Why all this irreality in America? Here's Krugman's diagnosis:
What lies behind this trans-Atlantic policy paralysis? I’m increasingly convinced that it’s a response to interest-group pressure. Consciously or not, policy makers are catering almost exclusively to the interests of rentiers — those who derive lots of income from assets, who lent large sums of money in the past, often unwisely, but are now being protected from loss at everyone else’s expense.

Of course, that’s not the way what I call the Pain Caucus makes its case. Instead, the argument against helping the unemployed is framed in terms of economic risks: Do anything to create jobs and interest rates will soar, runaway inflation will break out, and so on.
I simply can't believe my bad luck to have been born at a time when governments around the world decide to commit collective suicide:
  • Europe has decided "austerity" is the way to excite businessmen about business prospects. What is more exciting than seeing destitute in the streets trying to sell apples for a dollar each? Scenes like that will pop out everywhere under austerity and give convincing proof that entrepreneurship is alive and now if the time to gamble business on billion dollar new product/new service schemes to people with no money in their pockets!

  • Japan has decided to cut corners and build nuclear facilities right on beachfront property and dare the sea gods to bring on a tsunami. That kind of risk-taking entrepreneurship has been richly rewarded. Add to that, the fact that the Japanese government has shown "leadership" by refusing to tell their own people about the nature and depth of the crisis and by refusing to mobilize social resources to deal with the reality, and you have a government well on its way to extinguishing itself.
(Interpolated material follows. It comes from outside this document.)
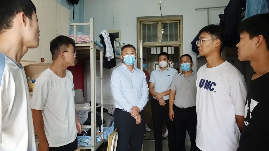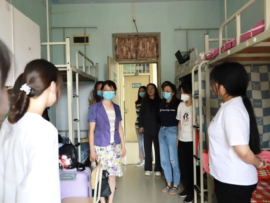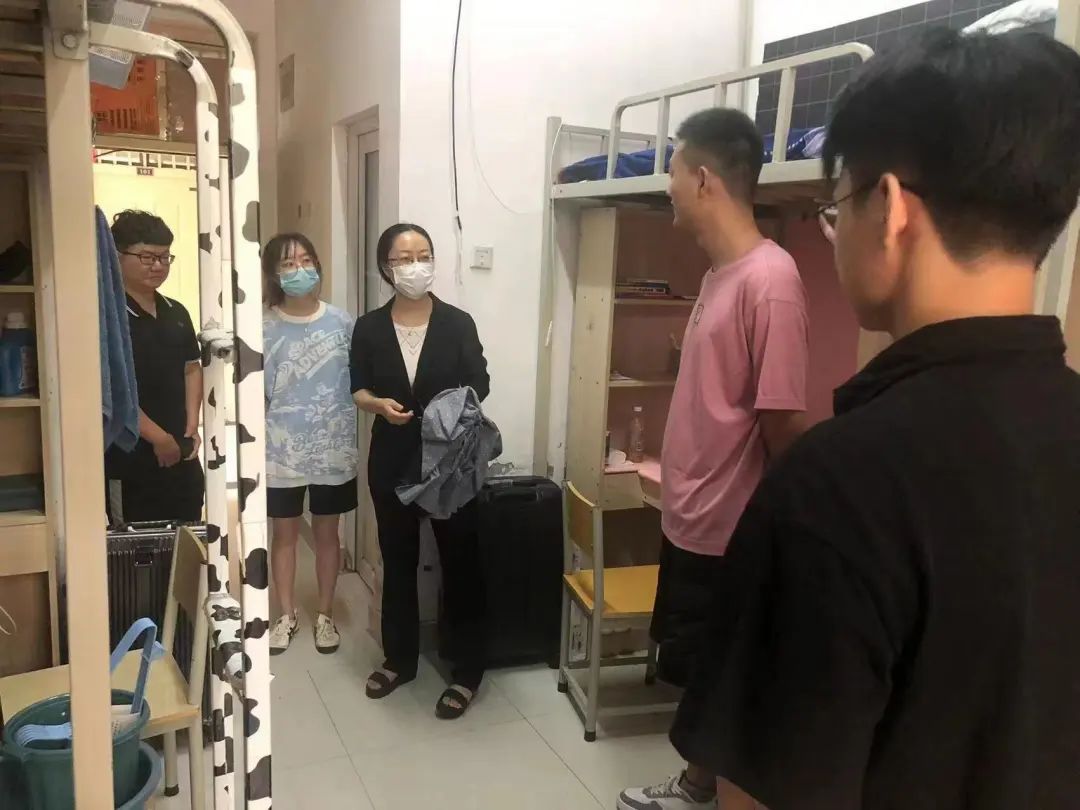 宿舍里,领导老师与同学们亲切交谈,详细询问同学们的住宿饮食是否习惯,网课学习是否做好准备等情况,介绍学院为保障同学们的学习生活和健康成长采取的政策措施,耐心回答同学们的问题和关切,叮嘱同学们做好疫情防控,注意安全防范,锻炼独立生活能力,尽快适应大学生活。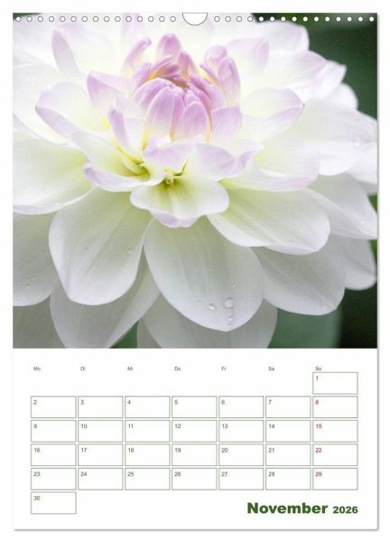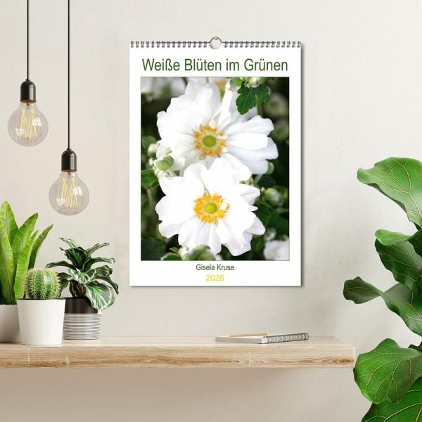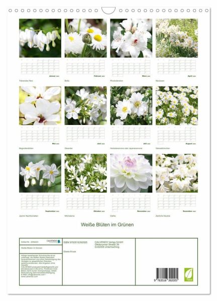 Jedes Kalenderblatt überzeugt mit seinen gelungenen Blütenporträts, sei es die Pracht der Tulpen, des Rhododendrons, der Herbstanemonen oder der Dahlie. Weiß und Grün als die ideale Farbkombination in der Natur, für Sie festgehalten von der Fotografin Gisela Kruse.

  • Now we come to America where the elites split into two camps. On one side are those who think a run of "good times" for the guys on top will never come to an end, so they keep coming up with their one-size-fits-all solution to all economic and political problems: a tax cut! On the other side you have the elite that recognize that you can push half-baked lies to social conservatives for only so long before they wise up and seize government under a Sarah Palinesque Savonarola, so they have decided to sell "feel good" politics where you tell people "trust us, things are getting better" and "you can't expect a recovery from such a deep, deep recession overnight". Yep, very comforting words that leave the suffering with so much hope, the kind of hope that dreams of cake when there is no bread.
Why me? Why my lifetime? Why couldn't I have been born during the time of plague or famine. Times where death was at the hand of honest dark forces of nature instead of the sneaky hands of lying politicians and manipulative and greedy people?
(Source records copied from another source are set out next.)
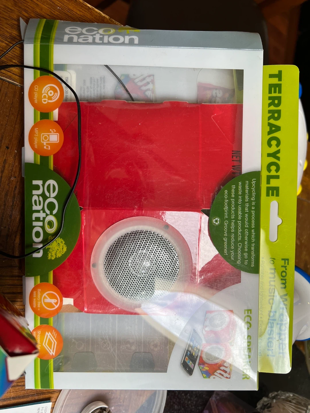 Selling an Eco Nation Eco Speaker! It's a fun speaker made from recycled materials. It can be used with CD players and MP3 players. Comes with the box!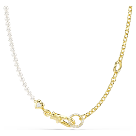 Ten wyjątkowy naszyjnik Swarovski to połączenie klasycznej elegancji i nowoczesnej formy. Projekt opiera się na kontrastowym zestawieniu pozłacanego łańcuszka z rzędem białych pereł Swarovski Crystal Pearls, tworząc biżuterię, która przyciąga uwagę subtelnym blaskiem i ponadczasowym stylem.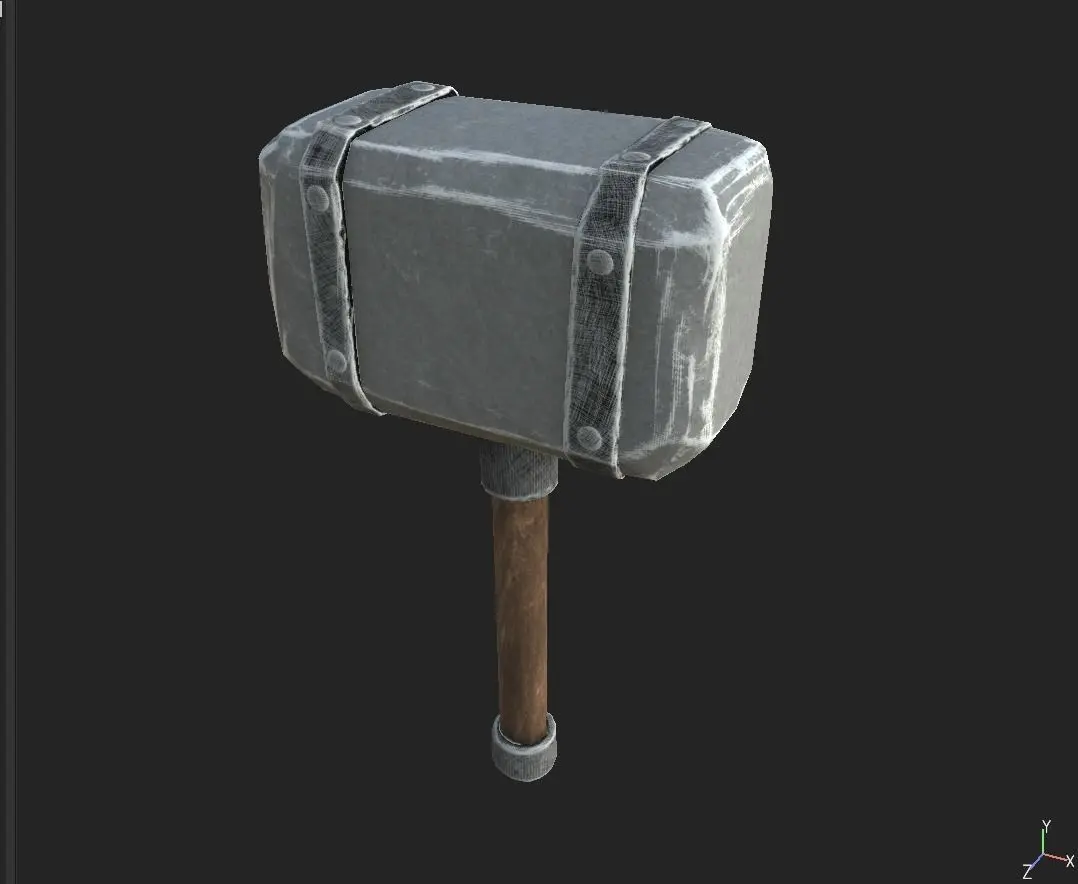 We all know why we need a hammer. A large heavy hammer, used for forging metal, crushing stones, etc. The smoked forge doors were wide open; the hammers were heard, hissing of furs, heavy blows of large hammers. Hammer - a tool used to strike when forging metals, breaking stones, etc.A blacksmith or hand hammer is usually made of ductile iron, and its ends are welded with steel. Very small hammers are made entirely of steel, while large hammers are made of cast iron. One end of the hand hammer is made either completely flat or with a slight bulge, it is called a fight or striker, and the other is wedge-shaped, it is called the back. All textures as 2k. I hope you enjoy it, I tried. Good luck

Oh... and why not go for a twofur. Here's a bit from a Krugman NY Times op-ed that points out the incredibilty subtlety of Obama's negotiating strategy:
Six months ago President Obama faced a hostage situation. Republicans threatened to block an extension of middle-class tax cuts unless Mr. Obama gave in and extended tax cuts for the rich too. And the president essentially folded, giving the G.O.P. everything it wanted.

Now, predictably, the hostage-takers are back: blackmail worked well last December, so why not try it again? This time House Republicans say they will refuse to raise the debt ceiling — a step that could inflict major economic damage — unless Mr. Obama agrees to large spending cuts, even as they rule out any tax increase whatsoever. And the question becomes what, if anything, will get the president to say no.
Ya gotta admit, that Obama is one slick negotiator. He now has the Republicans by the short and curlies and whatever they say, he will do. They can't best him now. He's too busy selling the farm to give them what they want before they even ask for it! Now that has them truly flummoxed! How can you possibly "negotiate" with such a crafty fellow?